30 March 2022

"Workshop Rukyat dan Hisab: Penentuan Awal Bulan Hijriah dan Segala Problematikanya"

SINAR- Rabu, (30/3/2022) Fakultas Syariah UIN Raden Mas Said Surakarta
melalui Laboratorium Lembaga Hisab dan Rukyat Al-Hilal mengadakan Workshop
Rukyat dan Hisab di Aula Fakultas Syariah Lt.1. Wokshop ini menghadirkan
Muh. Choirun Nizar, S.H.I., M.Hum., M.H.I (Dosen Unnisula Semarang) dan
Ahmad Syifaul Anam,, S.H., M.H. (Ketua Lajnah Falakiyah PWNU Jawa Tengah)
serta di moderator oleh Yassirly Amrona Rosyada, S.Sy., M.P.I (Dosen IAIN
Salatiga). 50 Peserta hadir dengan protokol kesehatan serta panitia
memfasilitasi secara daring melalui zoom meeting.

-
-
-
-
-

Dr. Fairuz Sabiq, M.Si. sebagai ketua panitia kegiatan sekaligus ketua
Laboratorium Lembaga Hisab dan Rukyat Al-Hilal mengatakan bahwa acara ini
terselenggara untuk merespon perubahan ketentuan mengenai awal bulan
hijriyah. Selama ini, kriteria hilal awal Hijriyah adalah ketinggian 2˚
derajat, sekarang ketentuan tersebut diubah menjadi 3˚ derajat. Fairuz
Sabiq juga berharap para mahasiswa untuk update informasi terkait astronomi
Islam, serta bisa bertanya banyak hal kepada para narasumber yang sudah
hadir di acara pagi ini.

Sementara itu, Dekan Fakultas Syariah Dr. Ismail Yahya, M.A. berhararap
kepada mahasiswa untuk menuliskan hasil workhop pada hari ini dan menjadi
jembatan keilmuan kepada masyarakat atas perubahan kriteria awal bulan ini.
Ismail Yahya juga berharap dukungan kepada semua pihak terkait pembanguan
Laboratorium Falak di lantai atas Fakultas Syariah. Dekan kemudian secara
resmi membuka workshop hisab dan rukyat.

Narasumber pertama, Muh. Choirun Nizar, S.H.I., M.Hum., M.H.I mengawali
paparannya dengan menjelaskan kriteria-kriteria dalam penentuan awal bulan
hijriah di Indonesia. Kriteria tersebut diantaranya Ijtimak Qobla
Al-Ghurub, Wujudul Hilal, Rukyat Bil Fi’li dan Imkan Rukyat. Nizar juga
menerangkan secara detail mengenai upaya-upaya pemerintah dalam menentukan
awal bulan hijriyah di Indonesia. “Awal puasa tahun ini kemungkinan terjadi
perbedaan, sedangkan untuk 1 Syawal kemungkinan tidak ada perbedaan,”
pungkas Nizar. Nizar berharap, perbedaan-perbedaan tersebut bisa disikapi
dengan arif dan bijaksana.

Sementara Ahmad Syifaul Anam, S.H., M.H. secara rinci menjelaskan mengenai
imkan rukyat. “Imkanurrukyat adalah hisab yang memperhitungkan hilal dalam
kedudukan dapat terlihat, yaitu suatu fenomena posisi hilal sedemikian rupa
yang menurut pengalaman di lapangan hilal dapat dilihat dengan mata
telanjang. Dalam astronomi dikenal dengan Visibilitas Hilal,” ujarnya.

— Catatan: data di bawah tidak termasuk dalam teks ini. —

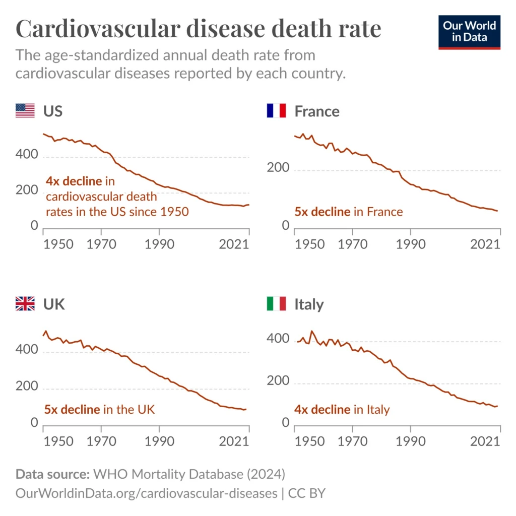 Instead, modern pesticides and modern medicine and improved health care have caused revolutionary declines in things that previous generations correlated to everything – cardiovascular disease.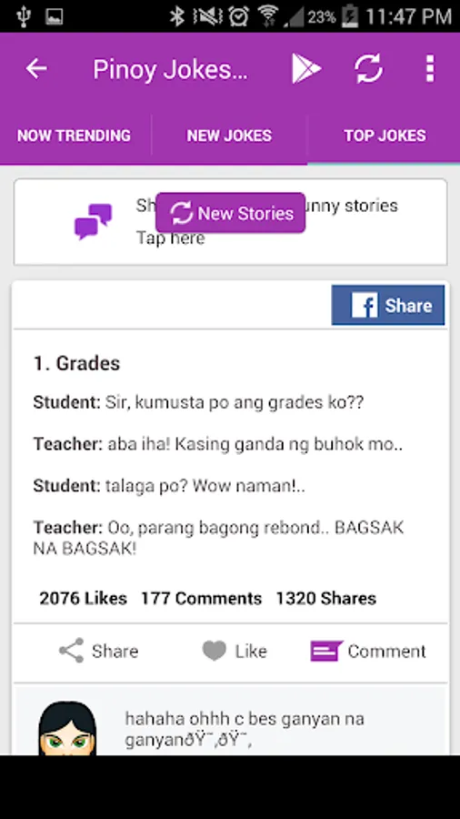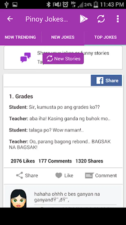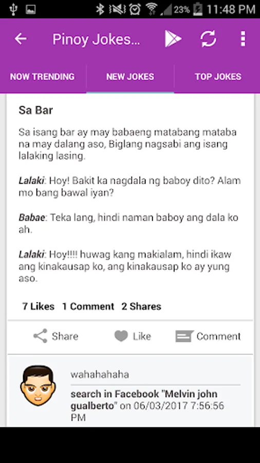 Pinoy Jokes Extreme is now available for all filipino's worldwide. Surely you'll enjoy reading jokes from this app. With a single tap you can instantly share it to your facebook wall. Pinoy Jokes Extreme is updated regularly so you get new funny jokes every day.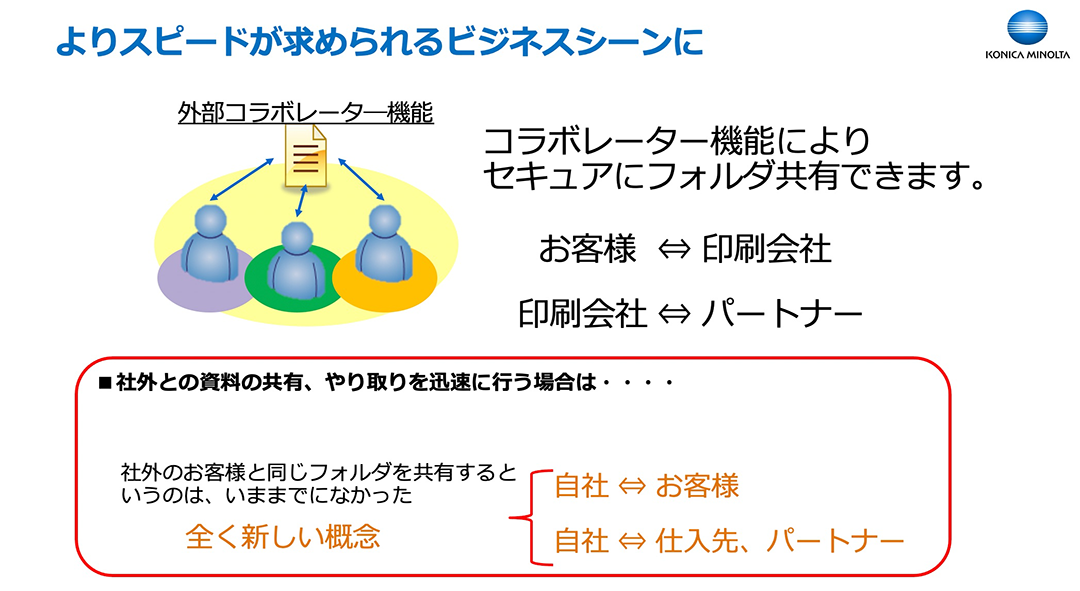 また、コラボレーター機能を利用した社内外関係者との効率的なファイル共有により、業務の生産性をアップします。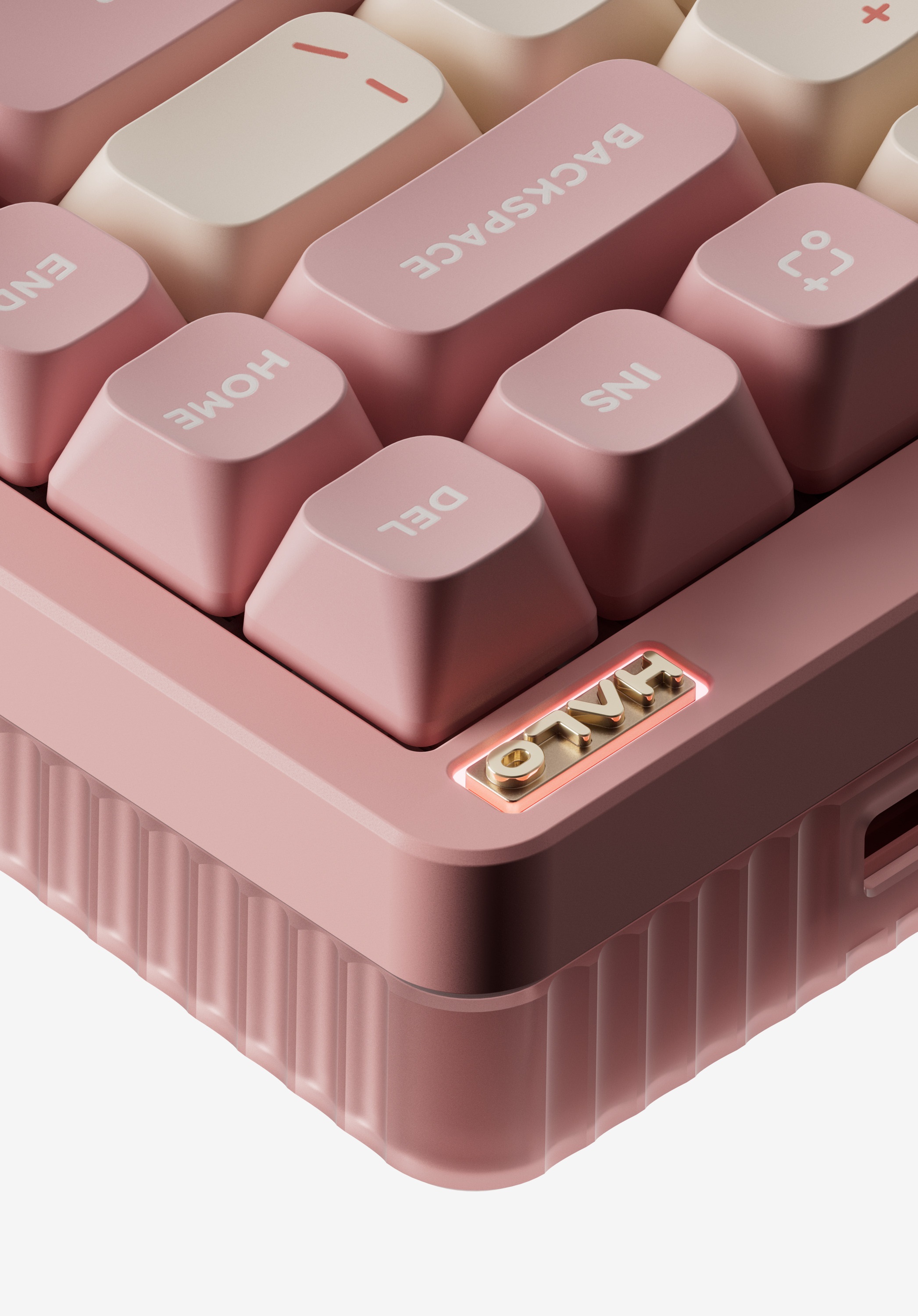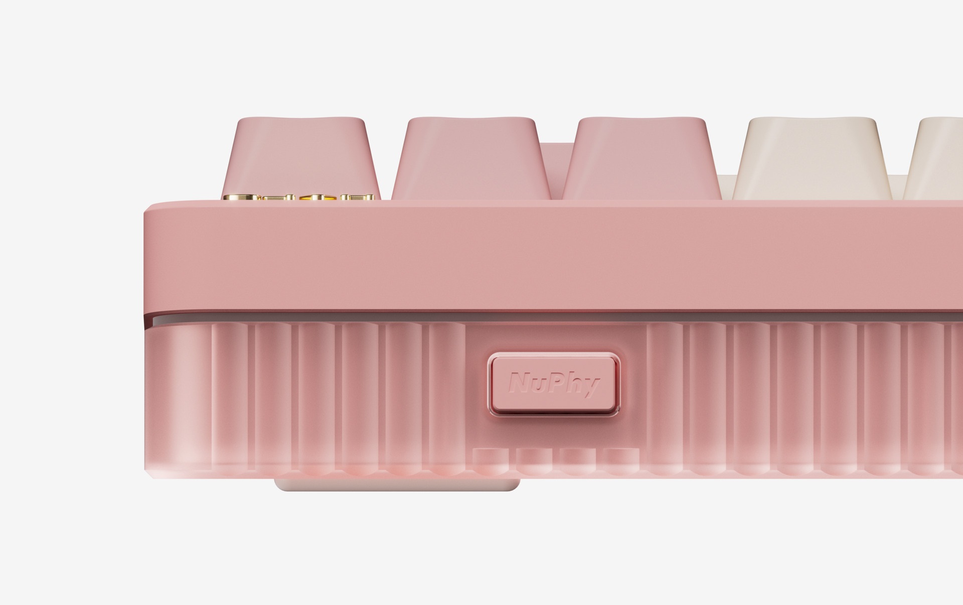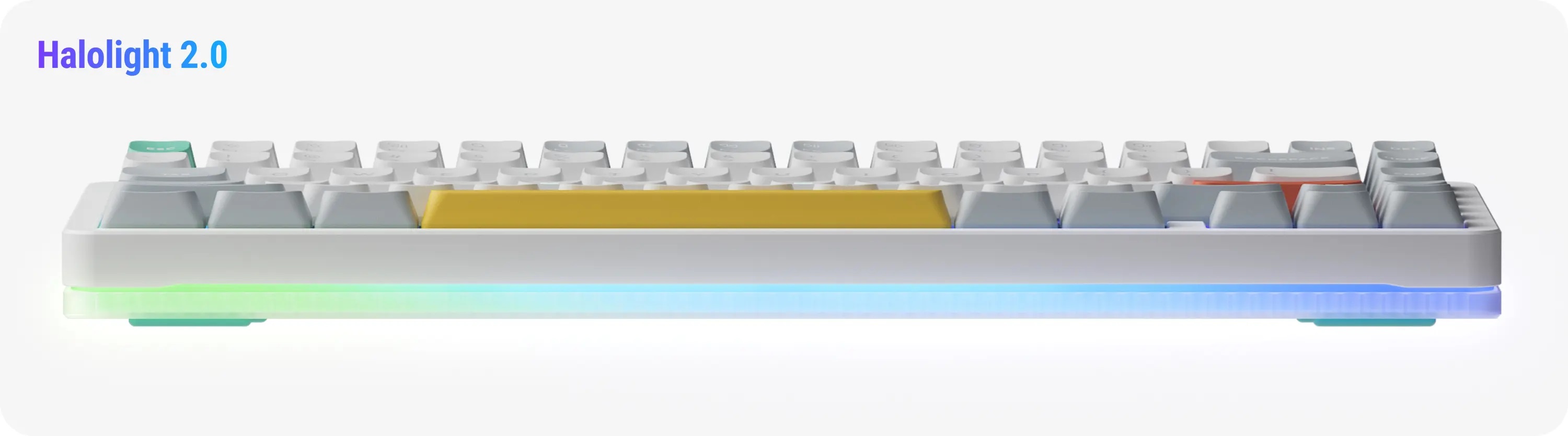 If there ever was a market segment Halo positions itself in, it is being both a device that can handle every task you throw at it, and an absolute gorgeous looker. Its wavy side columns, solid unibody aluminum frame, and its unabashed light maximalism, all serve to enhance this role. In the design of the V2 we have only doubled down on the investment: the completely redesigned semi-transparent bottom case extends the layer-ness of the Ionic side columns into the third dimension, while the Gem-style nameplate LED brings a fun twist to Halo’s impressive lineup of functional lights. When the lights go on, the bottom case ‘merges’ into the Halo light bands to create the most amazing light effects ever seen on a NuPhy keyboard.

Ada beberapa pendapat mengenai seberapa mungkin hilal terlihat. Dalam
Kalender Islam Internasional (KIG) di Turki bahwa batas imkan rukyat adalah
tinggi hilal minimal 5˚ derajat di atas ufuk dan jarak azimuth Bulan
Matahari sebesar 8˚derajat. Sementara MABIMS (Malaysia, Bunei Darussalam,
Indonesia, dan Singapura) menggunakan irnkan rukyat 2 derajat, umur hilal 8
jam, dan atu jarak azimuth Bulan Matahari 3˚ derajat. Dan yang terbaru,
NEO-MABIMS (Malaysia, Bunei Darussalam, Indonesia, dan Singapura)
menggunakan irnkan rukyat 3˚ derajat, dan elongasi 6,4˚ derajat .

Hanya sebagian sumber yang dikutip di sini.